To shorten healing time and improve callus quality in osteoporotic animals, various anti-resorptive or anabolic drugs have been investigated to inhibit excessive bone resorption or promote new bone formation during defects healing, such as bisphosphonates (BPs), and intermittently administered human parathyroid hormone (PTH) [9,10,11]. However, excessive inhibition of osteoclasts by anticatabolic agents might lead to delayed bone remodeling at the late healing period. PTH is an important physiological regulator of mineral homeostasis and has bone anabolic and catabolic actions. When administered intermittently, PTH induces substantial increases in osteoblast surface, osteoid surface, and osteoid volume in animals [10, 12]. Intermittently administered parathyroid hormone has been the only anabolic drug that could promote defects healing in osteoporotic subjects [13, 14]. Our previous researches have demonstrated that the combination of PTH and β-TCP brings better effect to bone tissue repair in osteoporosis status [13, 14]. Further researches show that local incorporated of PTH can accelerate bone formation and osseointegration [15].

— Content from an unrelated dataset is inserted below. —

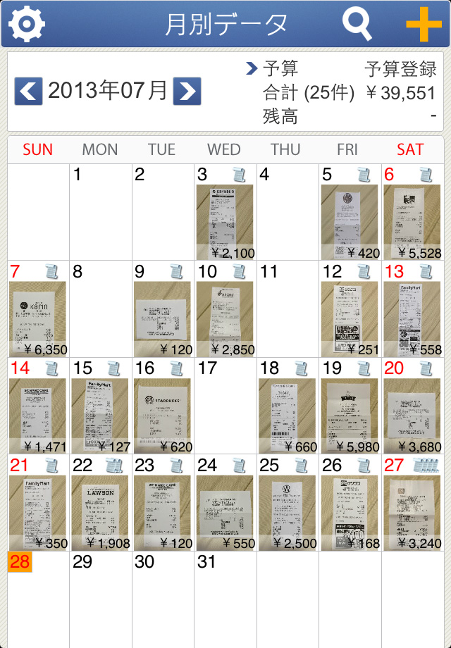 レシートを撮影して金額を入力することで、日や月ごとに確認できるアプリ。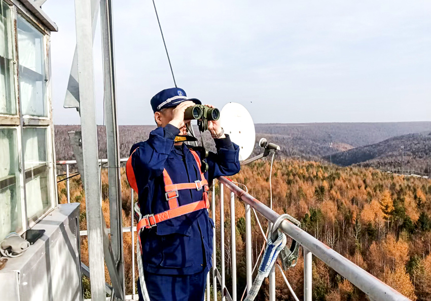 瞭望员在防火塔上时刻守护着茫茫林海。人民网记者 王海跃摄

All the evidences above consolidate the notion that β-TCP and PTH represents a promising therapeutic approach for the treatment of osteoporotic defect induced by postmenopause. However, little is known about the effect of combined treatment with local administration of PTH and β-TCP/COL composite on osteoporotic defect in bone loss induced by ovariectomized (OVX). Thus, we hypothesized that combined treatment with local administration of PTH and β-TCP/COL composite treatment would enhance healing of metaphyseal defects in OVX rats via enhanced stimulation of bone formation and significantly better than the effect of using β-TCP/COL composite alone. The purpose of this study is to observe the effects of combined treatment with local administration of PTH and β-TCP/COL composite on defect healing in OVX rats.
Materials and methods
Animals
Seventy female Sprague–Dawley (SD) rats (3 months old) with an average weight of 230 g were included in this study. Every four animals were kept in one cage with climate-controlled conditions (25 °C; 55% humidity; 12 h of light alternating with 12 h of darkness). Free access to standard laboratory diet and tap water were permitted. Principles of laboratory animal care were followed, and the study protocol was approved by the Animal Research Committee of the university.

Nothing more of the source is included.